Internet companies need to scale to huge datasets and request rates. They need their infrastructure to never go down. And they don't want to have an army of operators just to keep the system running.
"Cloud" computing is a buzzword intended to capture the notion of a computing utility run as a service. Beyond just a buzzword, however, Internet companies are already building clouds to manage their web crawls, analyze click streams, store user data, detect fraud, and to perform a variety of other tasks that require huge amounts of computing to tackle huge amounts of data. And these same companies are running into a variety of tough challenges:
- What is the right set of abstractions that the cloud can offer? Should it offer hosted databases? Hosted processing? Hosted messaging buses? Interoperation between these pieces? And how much complexity must live in the cloud in order to provide these abstractions to customers?
- How can multiple customers live on the same cloud, without interfering with each other? Interference might include performance, stability, availability, privacy, and a host of other issues.
- How can applications which are written for customized data layers be modified to use the cloud instead? What do those applications lose? Should the application weaken its requirements or should the cloud strengthen its functionality?
- How do we know the cloud is working properly? How do we deal with inevitable machine and component failures without bringing down the cloud? If the cloud is not "broken" but merely "sick," how do we detect and fix the root cause of the problem?

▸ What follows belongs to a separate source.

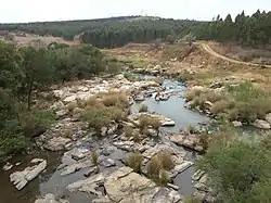 The ultimate source of the river is at over 2,000 m a.s.l. in the uplands north of Utrecht.[2] It flows between rolling uplands dotted with commercial plantations, passing under the Kruger Bridge of 1898, before reaching Pivaansbad south of Paulpietersburg, where hot springs and the Natal Spa resort are located. Downstream it enters open but hilly terrain until it enters the Bivane Dam, where the Bivane Dam resort and a nature reserve of 2,000 ha are located. Downstream of the dam the river enters more rugged terrain, and the turbulent waters are popular with canoeists, and besides for river rafting. This area is also the starting point for the annual Ithala Challenge Canoe Marathon.[3] The river has a confluence with the Pongola on the western boundary of the Ithala Game Reserve, not far from the border with Eswatini.

How do we manage Social Data?
The increasing popularity of social networking sites like Facebook and MySpace has led to the emergent trend of increasing integration between content and social sites. In one direction, social sites are adding more and more content (e.g., photo, video, news article, etc.) on to their sites to provide more practical utility to their users. In the other direction, content sites like Amazon and Yahoo! Travel are incorporating social activities and connections to more deeply engage their users. With the establishment of the OpenSocial (opensocial.org) Foundation, the integration of social sites and content sites will likely be one of the major trends in the next few years.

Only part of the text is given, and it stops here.